Wytworzyła się tak przyjemna atmosfera, że wszystkie myśli związane z wizytą o psychoterapeuty odeszły w zapomnienie. Alan był rozgadany nawet bardziej niż zwykle i swoimi opowieściami doprowadzał mnie i Adę do łez. A właściwie to ciemnowłosą nawet bardziej – wymuszenie wspólnego spotkania poza uczelnią i moim mieszkaniem okazało się strzałem w dziesiątkę, dziewczyna, zawsze troszkę spięta przy Alanie tym razem zachowywała się zupełnie naturalnie i wesoło. I wyglądało na to, że całkowicie zapomniała o mojej obecności, wpatrzona była cały czas w chłopaka, a on, jak zwykle, gdy jest w centrum uwagi, popisywał się i rozdawał swoje najbardziej szerokie uśmiechy.

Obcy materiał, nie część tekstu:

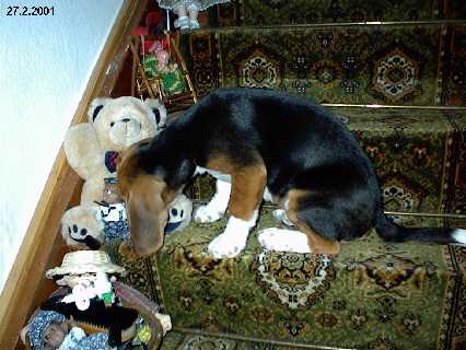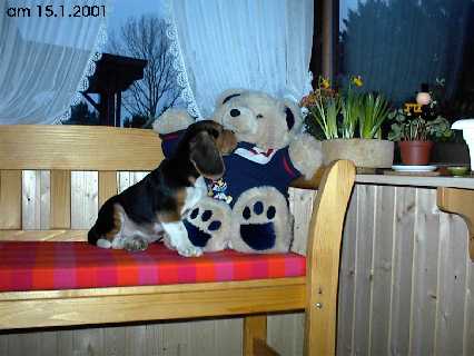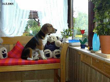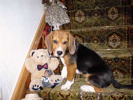 Ich bin am 6. November. 2000 in Jelmstorf in der Lüneburger Heide im Zwinger “From Heath Paradise” geboren. Mein Vater ist: Interim`s Sir Oberon Ogilvie, meine Mutter ist: Red Baron Little Amber. Ich wurde sehr behütet aufgezogen. Schon in der Heide haben mich mein neues Frauchen und Herrchen ein paarmal besucht. Am 4. Januar 2001 war es dann soweit. Ich wurde von meiner neuen Familie abgeholt. In meinem neuen Zuhause gefiel es mir gleich gut, denn wir haben ein schönes Haus und einen grossen Garten. Wir gingen dann viel auf Reisen und Ausstellungen. Am 28. August 2004 wurde ich in Berlin zur Formwertzucht zugelassen und bestand 2005 auch in Berlin die Spurlautprüfung als Tagessieger mit 100 Puinkten. Und am 2. März 2008 wurde ich Dt. VDH-Champion.

– Co takiego cię właściwie zatrzymało, Laura? – zwrócił się nagle do mnie. – Może zajęłaś się znowu ratowaniem narkomanów przed niezdrowym snem na korytarzu?

Poczułam, jak na moje policzki wpływa rumieniec. Nie byłam pewna, czy to z powodu wina, czy delikatnego uczucia niepokoju, które zawsze mnie nachodziło na myśl o wydarzeniach z tamtego dnia.

– Daj już mi spokój. Nie widziałam go od tamtej pory.

Alan uśmiechnął się przepraszająco.

– No dobrze, nie denerwuj się, przecież żartuję.

– Jak on miał w końcu na imię? – wtrąciła się Ada.

– To tajemnica, którą Laura chyba zabierze do grobu.

– A czemu nie chce jej zdradzić? – dociekała dziewczyna.

– Bo spotykam się z nim potajemnie i nie chcę, żeby ktoś krytykował nasz związek – odparłam znudzona.

Po moich słowach nagle zapadła cisza. Bardzo dziwna, nienaturalna cisza, jakby wszystko zastygło w bezruchu i wstrzymało oddech. Trwało to dosłownie chwilę, ale z jakiegoś powodu krótkie, z pozoru nic nie znaczące gesty wydały mi się niesamowicie przejrzyste. W ciągu tej jednej chwili uśmiech spełzł z twarzy Alana, a on wbił wzrok w stolik. Ada rzuciła krótkie spojrzenie na chłopaka, zrobiła minę, jakby zbierało jej się na płacz po czym zapatrzyła się w przestrzeń. Kolejna sekunda minęła. Atmosfera zgęstniała a ja nie wiedziałam, co się dzieje.

– Przecież żartuję.

– Przecież wiemy – Alan uśmiechnął się zupełnie normalnie.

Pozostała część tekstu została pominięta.